Pothanikkad  or Pothanicad is a village in Ernakulam district in the Indian state of Kerala.
It's also the first village to achieve 96.00% literacy in India. However, In 2011, literacy rate of Mallappally village was 96.92 % compared to 94.00 % of Kerala, the highest in India. In Mallappally Male literacy stands at 96.85 % while female literacy rate was 96.99 %.
 Back to the village, the name Pothanikkad derives from the Malayalam words poth, meaning buffalo, anaa, meaning elephant, and kaddu, meaning forest, as it was originally a forest with wild buffalos and elephants. Now, this small village has developed into one of the most educated and culturally advanced villages in Kerala. St. Mary's High School is the oldest high school in Pothanicad, where very prominent people in the society and many local politicians have been educated. St. John's Higher Secondary  school Pulinthanam is a pioneering educational institution in the village.
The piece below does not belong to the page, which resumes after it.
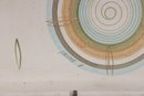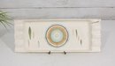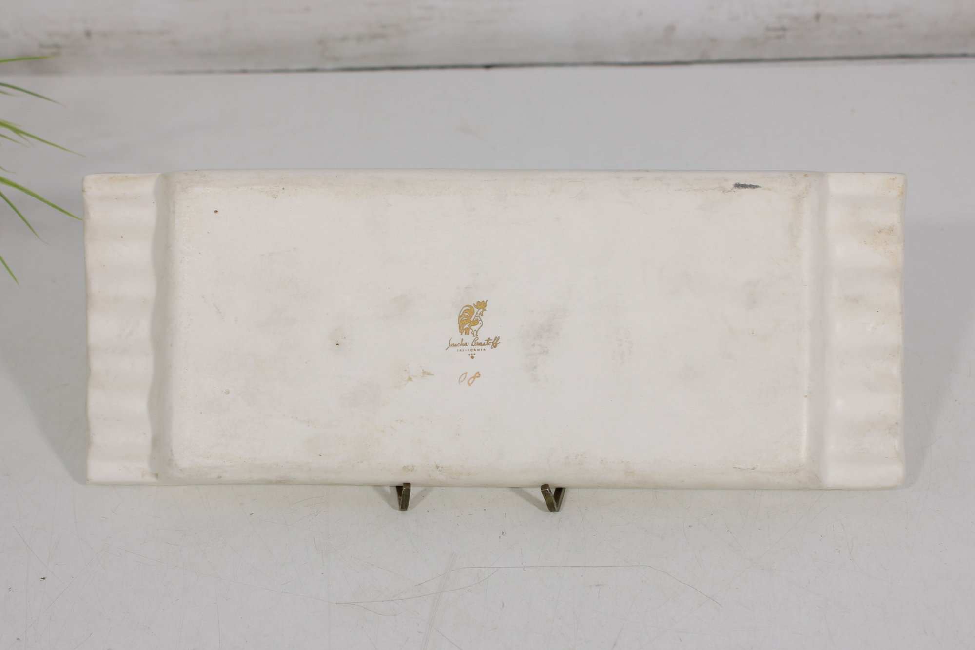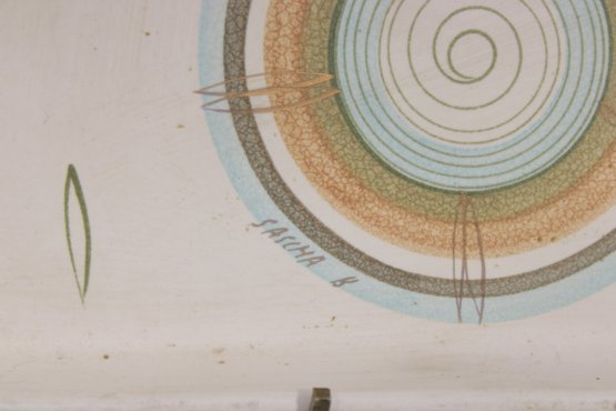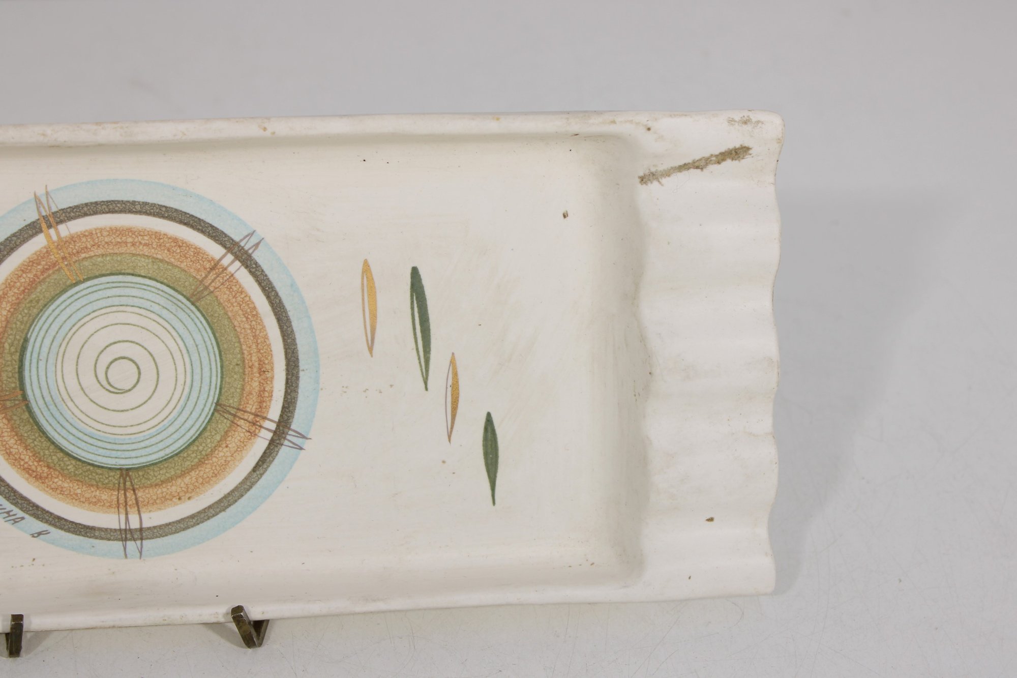 Sascha Brastoff mid-century modern art pottery tray featuring a classic atomic-era design. The rectangular form is accented with sculpted edges and showcases a vibrant central target motif in aqua, gold, and earth tones, complemented by elongated atomic leaf shapes along the sides.

A government Lower Primary school and two other private Senior Secondary High schools, following CBSE curriculum, also provides better educational opportunities for the young community.

Pothanikkad is 16 km away from Thommankuthu Water Falls, the nearest tourist location and approximately 22 km from well known Thattekad Bird Sanctuary near Kothamangalam. It is also known for churches like Pothanicad St. Mary's Jacobite Syrian Church, Ummanikkunnu St. Mary's Orthodox Syrian Church and St Xavier's Catholic Church. The village is also known for the festival of ‘ilaneerattam’ hosted by the Thrikkeppadi Sri Mahadev Temple.

Prominent Indian industrialist C J George hails from Pothanikkad.

Demographics
 India census, Pothanikkad had a population of 19,309 with 9,620 males and 9,689 females.